📋 Description
Multi-agent systems, where multiple AI agents collaborate, delegate tasks, or share outputs, introduce new vectors for failure and exploitation. These agents may communicate asynchronously, rely on each other’s outputs, or dynamically determine which tools to use or call. This interactivity creates the potential for exploitation chains, where one agent’s vulnerable output (e.g., a hallucinated command or misclassified text) triggers harmful behavior in another. Such risks are especially pronounced in agent frameworks where decision-making, memory sharing, or execution of tools (e.g., plugins, APIs) is distributed.

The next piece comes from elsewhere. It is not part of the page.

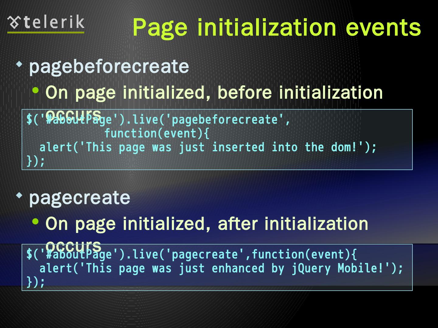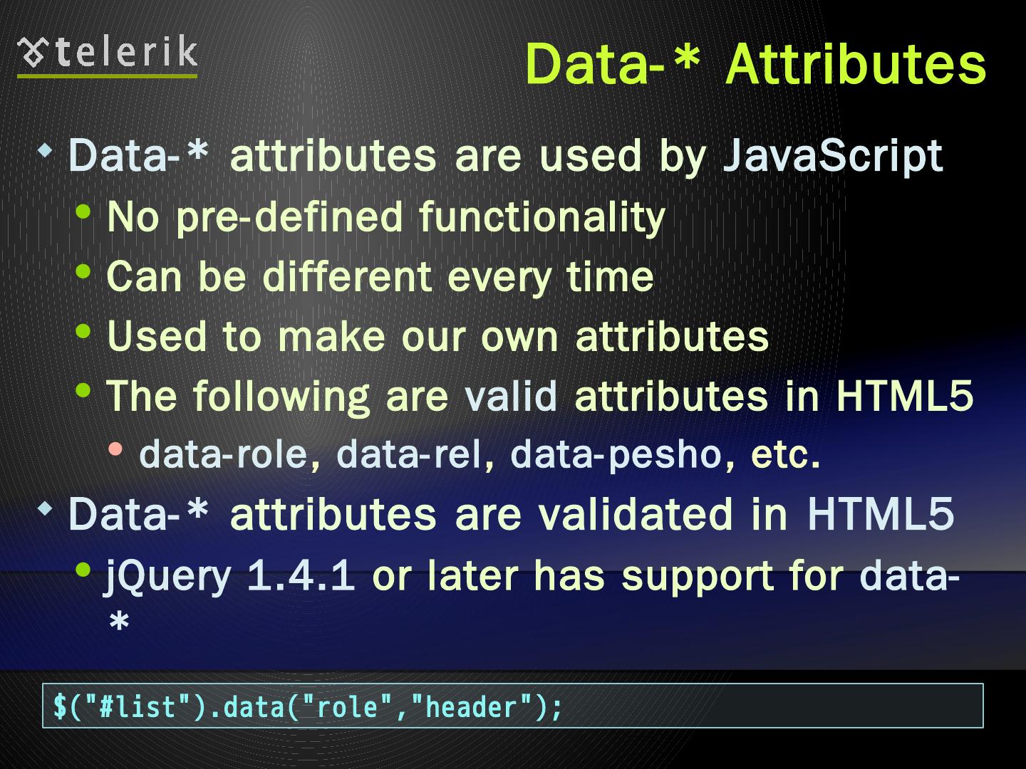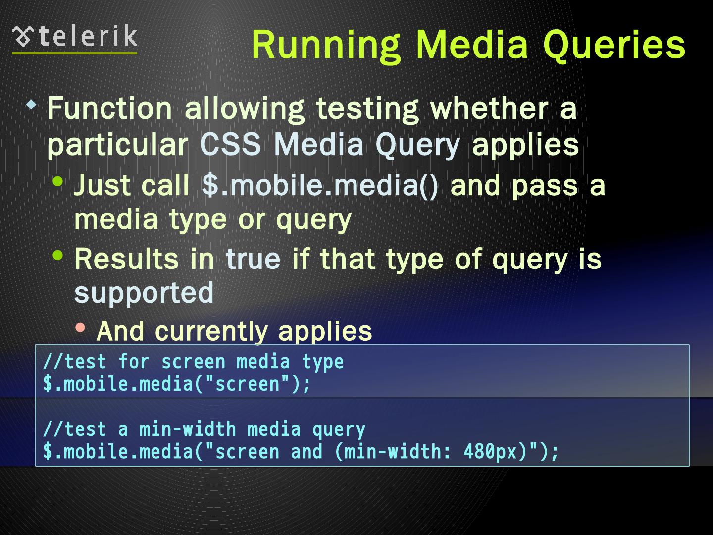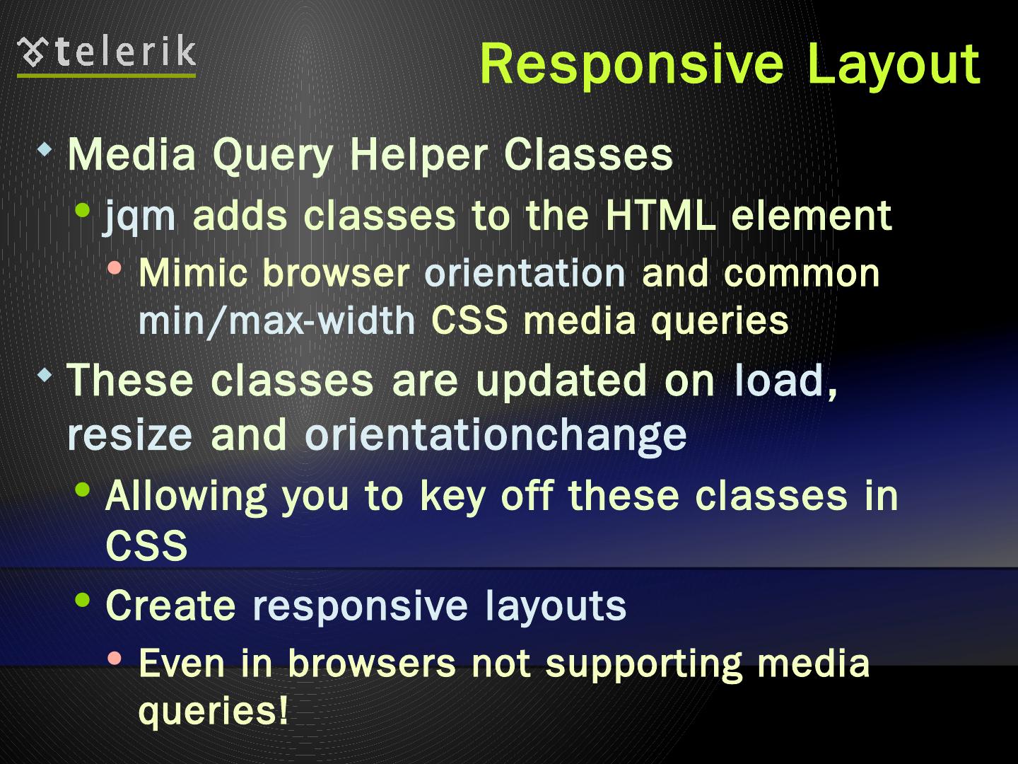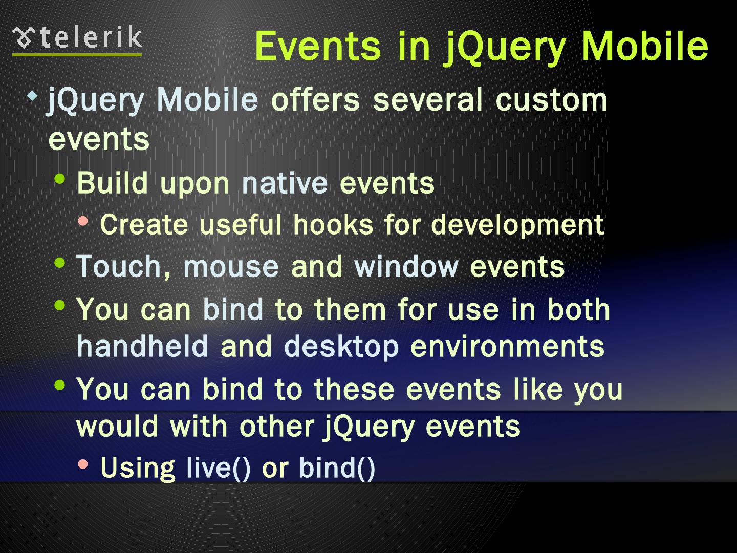jQuery Mobile Overview; Methods and Utilities; Responsive Layout; Data-* Attributes. Pages; Dialogs; Buttons. jQuery Events; Features of jQuery Mobile. jQuery ...

Key risk patterns include:
- Prompt Injection Propagation: A malicious agent introduces manipulated content that appears benign but causes another agent to perform unintended actions.
- Over-delegation: An agent irresponsibly delegates a task it should not, allowing another agent to access inappropriate tools or data.
- Escalated Autonomy: Emergent behavior arises from multiple agents making small decisions that compound into a harmful chain of actions.
As AI agents become more widely adopted for tasks like autonomous research, cybersecurity triage, or workflow orchestration, this risk will grow in complexity and impact.
🔍 Public Examples and Common Patterns
A user could tricks a planning agent into scheduling unauthorized tasks, which are then executed by a tool-using another agent with higher privileges, resulting in unapproved transactions.